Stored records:
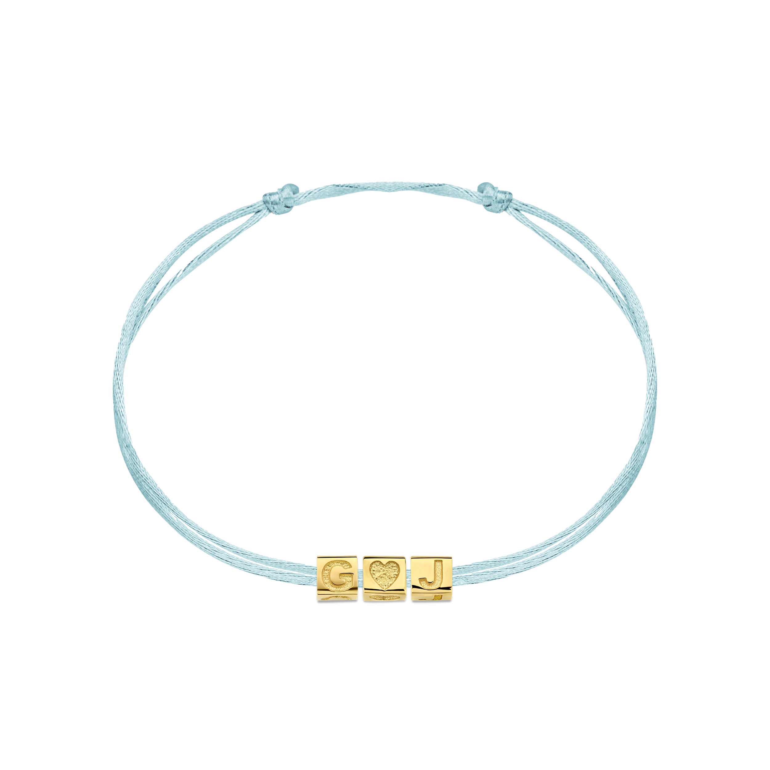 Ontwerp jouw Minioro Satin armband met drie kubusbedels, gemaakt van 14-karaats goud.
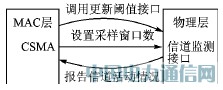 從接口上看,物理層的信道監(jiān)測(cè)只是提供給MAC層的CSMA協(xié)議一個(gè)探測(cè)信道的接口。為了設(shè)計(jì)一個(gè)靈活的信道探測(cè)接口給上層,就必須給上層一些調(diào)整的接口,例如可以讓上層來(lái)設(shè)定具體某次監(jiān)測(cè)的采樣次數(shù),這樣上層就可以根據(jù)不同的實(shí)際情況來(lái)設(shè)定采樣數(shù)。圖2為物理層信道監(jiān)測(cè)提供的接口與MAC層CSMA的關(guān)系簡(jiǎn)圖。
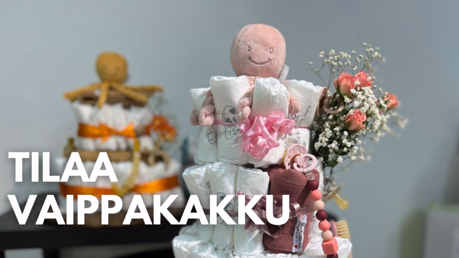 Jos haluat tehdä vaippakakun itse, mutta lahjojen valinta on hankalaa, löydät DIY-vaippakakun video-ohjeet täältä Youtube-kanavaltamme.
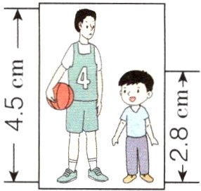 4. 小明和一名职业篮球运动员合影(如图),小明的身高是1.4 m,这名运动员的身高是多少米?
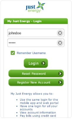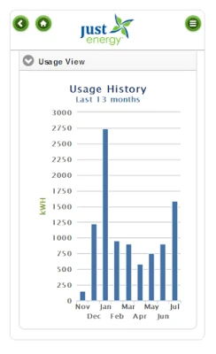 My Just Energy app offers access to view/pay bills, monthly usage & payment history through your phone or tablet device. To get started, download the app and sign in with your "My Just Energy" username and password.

▸ Exercise brief
Reproduce the entries exactly, from the line with "Jos haluat tehdä" to the line with "4. 小明和一名职业篮球运动员合影(如图),小明的身高是1.4 m,这名运动员的身高是多少米?", both lines included, keeping no pictures.

▸ Response to the task
 Jos haluat tehdä vaippakakun itse, mutta lahjojen valinta on hankalaa, löydät DIY-vaippakakun video-ohjeet täältä Youtube-kanavaltamme.
 4. 小明和一名职业篮球运动员合影(如图),小明的身高是1.4 m,这名运动员的身高是多少米?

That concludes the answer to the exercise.